You register your targets with a target group. When you create a target group, you specify its target type, which determines how you register its targets. For example, you can register instance IDs, IP addresses, or Lambda functions. For more information, see Target groups for your Application Load Balancers.

If demand on your currently registered targets increases, you can register additional targets in order to handle the demand. When your target is ready to handle requests, register it with your target group. The load balancer starts routing requests to the target as soon as the registration process completes and the target passes the initial health checks.

If demand on your registered targets decreases, or you need to service a target, you can deregister it from your target group. The load balancer stops routing requests to a target as soon as you deregister it. When the target is ready to receive requests, you can register it with the target group again.

When you deregister a target, the load balancer waits until in-flight requests have completed. This is known as connection draining. The status of a target is draining while connection draining is in progress.

When you deregister a target that was registered by IP address, you must wait for the deregistration delay to complete before you can register the same IP address again.

If you are registering targets by instance ID, you can use your load balancer with an Auto Scaling group.
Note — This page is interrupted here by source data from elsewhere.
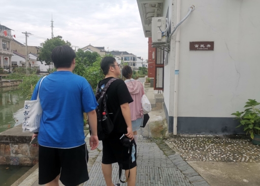 实践团成员们走在弄堂中,感受弄堂的长短,仿佛见证了开弦弓村农民自建房的变迁。上世纪80年代,村中的弄堂长度一般在50米左右,之后随着房屋的扩建,长度延伸,目前,全村超过100米的弄堂有7条,最长的超130米。团队成员们感受着弄堂保留的传统乡土风貌,在浓厚的文化气息中,路过一幢幢独具水乡特色的典雅民居,遇见一处处种满五颜六色鲜花的美丽庭院,深刻体会到江南水乡的别样韵味与精神内涵。
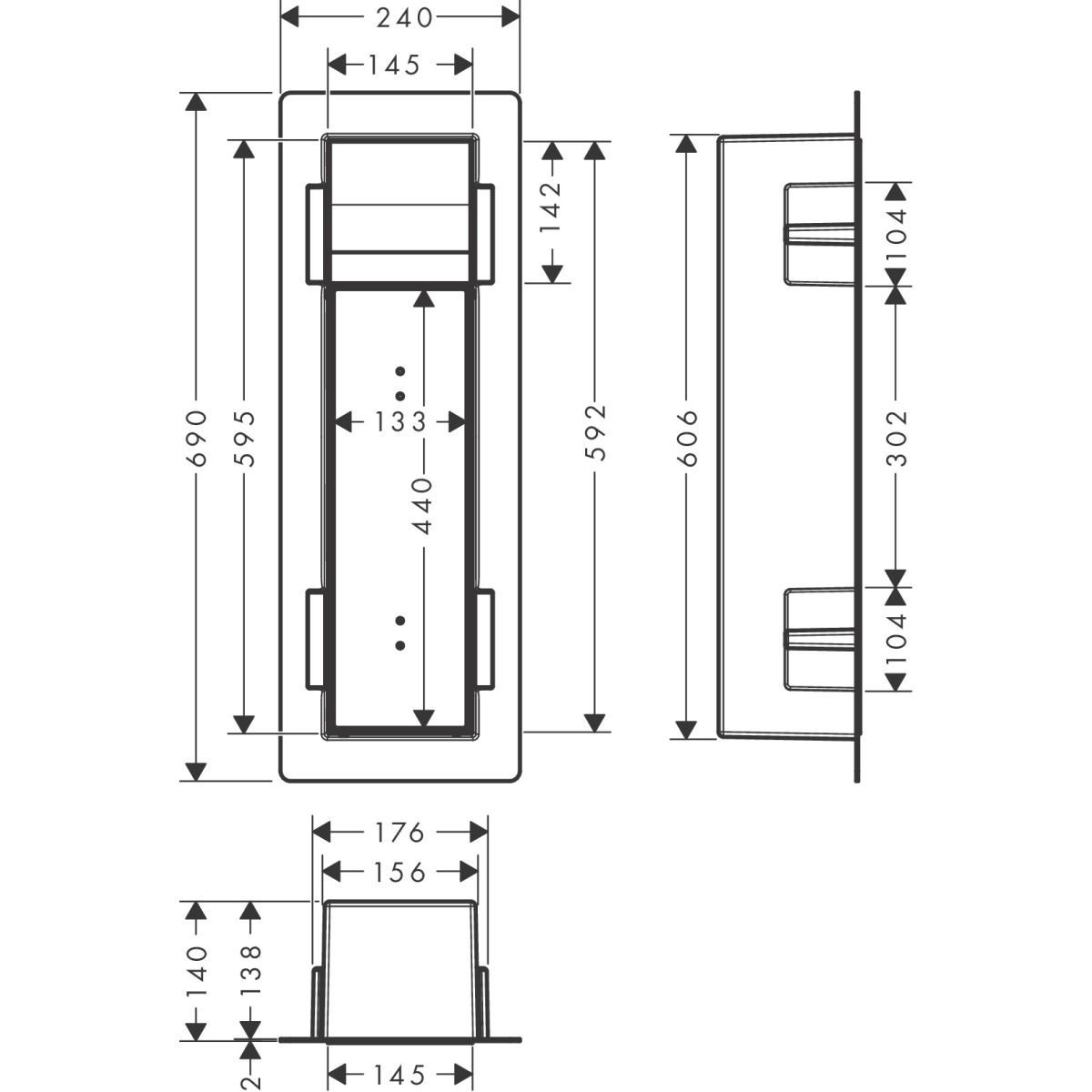 - Abmessungen der Wandaussparung: 595 x 145 x 140 (H x B x T)
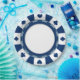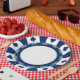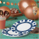 A poker chip style graphic on a festive party plate.
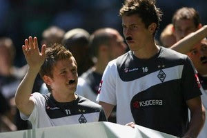 Με ψεύτικα μουστάκια που παρέπεμπαν στον προπονητή τους πανηγύρισαν οι παίκτες της Γκλάντμπαχ
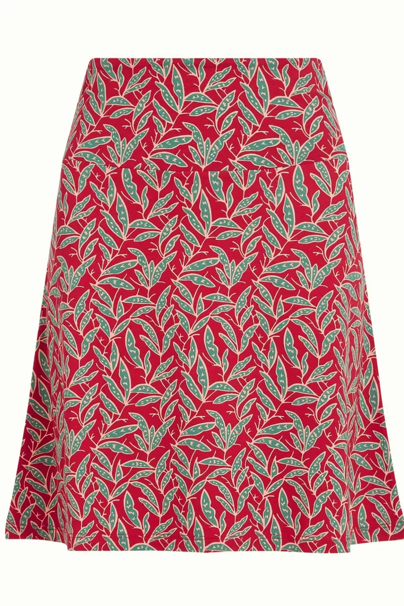 A-Lijn RokBrede TaillebandStretch StofJerseyBladeren Print

After you attach a target group to an Auto Scaling group and the group scales out, the instances launched by the Auto Scaling group are automatically registered with the target group. If you detach the target group from the Auto Scaling group, the instances are automatically deregistered from the target group. For more information, see Attaching a load balancer to your Auto Scaling group in the Amazon EC2 Auto Scaling User Guide.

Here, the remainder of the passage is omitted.